The Fed had already committed to purchasing $500 billion of Treasury securities and $200 billion of mortgage-backed securities, but imposed no limits on the swathe of new measures it announced on 23 March.
“The Federal Reserve will continue to purchase Treasury securities and agency mortgage-backed securities in the amounts needed to support smooth market functioning and effective transmission of monetary policy to broader financial conditions,” the Fed said in a statement.
That effectively means that the Fed is willing to engage in large-scale asset purchases for as long as it takes to set markets straight. It will also significantly expand the range of that program to include corporate bonds issued by “investment grade US companies and US-listed exchange-traded funds whose investment objective is to provide broad exposure to the market for US investment grade corporate bonds.”
The Fed’s previous actions – including the multitrillion-dollar expansion of its overnight repo program – have done little to calm markets amidst uncertainty over the coronavirus outbreak.
“The Fed has thrown another lifeline to markets and the economy as the COVID-related disruption continues to ripple through the system,” said Anna Stupnytska, global head of macro at Fidelity International.

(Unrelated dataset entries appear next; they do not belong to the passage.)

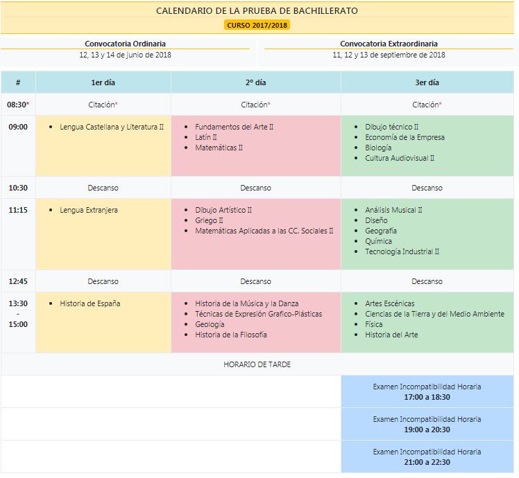 Aquí tenéis el calendario de realización de las pruebas de acceso y admisión a la Universidad.
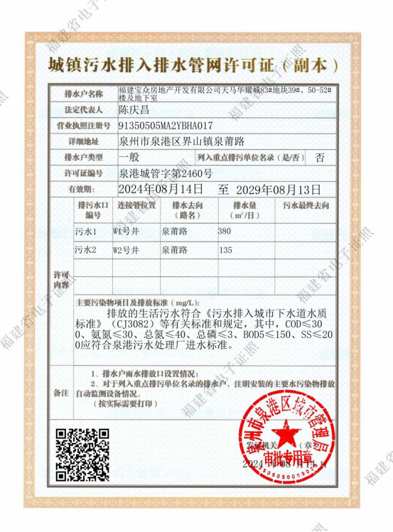 【结果公开】(市政服务)城镇污水排入排水管网许可证(泉港城管字第2460号)
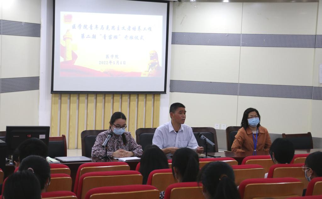 为引导广大青年向团组织靠拢,提升团员意识,团结带领广大团员青年发挥生力军和突击队作用,在广大优秀青年学生中着力培养造就一大批用马克思主义中国化最新成果武装的青年马克思主义者,在全校上下深入学习贯彻党的十九大和十九届历次全会精神、迎接党的二十大召开和建团百年之际,5月4日下午,医学院于图书馆一楼报告厅举行了第二期青年马克思主义者培养工程青苗班开班仪式。医学院党总支书记张明、党总支副书记孙美兰及全体学管老师出席仪式,开班仪式由医学院团总支书记刘惠主持。
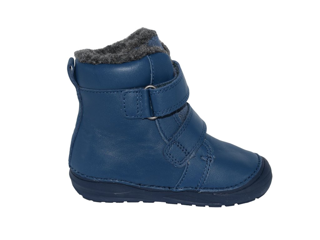 Chlapecká obuv je střihem ve vyšším provedení nad kotníky, kde vykukuje silný kožíšek, kterým je tato obuv zateplená na podšívce i stélce. Zapíná se na suché zipy a po jejich rozepnutí noha snadno vklouzne dovnitř. Špice je dostatečně široká, aby chodidlo mělo dostatek prostoru a mohlo se zdravě vyvíjet. Podešev je tenká, flexibilní, pod patou má soft shock pro tlumení nárazů při došlapu.

“As its earlier interventions failed to abate severe stresses that have emerged in both US Treasury and mortgage-backed security (MBS) markets, the Fed has now pulled out the ultimate card – QE infinity – committing to unlimited purchases of government bonds and MBS. In addition, a number of new lending facilities have been unveiled, aimed at supporting the US corporate sector and households. This includes an unprecedented step to buy corporate debt – something other major central banks have done since the last crisis, but the Fed had so far managed to avoid.”

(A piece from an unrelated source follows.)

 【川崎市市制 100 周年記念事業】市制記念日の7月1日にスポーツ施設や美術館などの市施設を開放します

Further measures include the reopening of the Term Asset-Backed Securities Loan Facility (TALF), which will enable the issuance of asset-backed securities backed by student, auto, and credit card loans, as well as loans guaranteed by the Small Business Administration (SBA).
“The coronavirus pandemic is causing tremendous hardship across the United States and around the world,” the Fed said.
“While great uncertainty remains, it has become clear that our economy will face severe disruptions. Aggressive efforts must be taken across the public and private sectors to limit the losses to jobs and incomes and to promote a swift recovery once the disruptions abate.”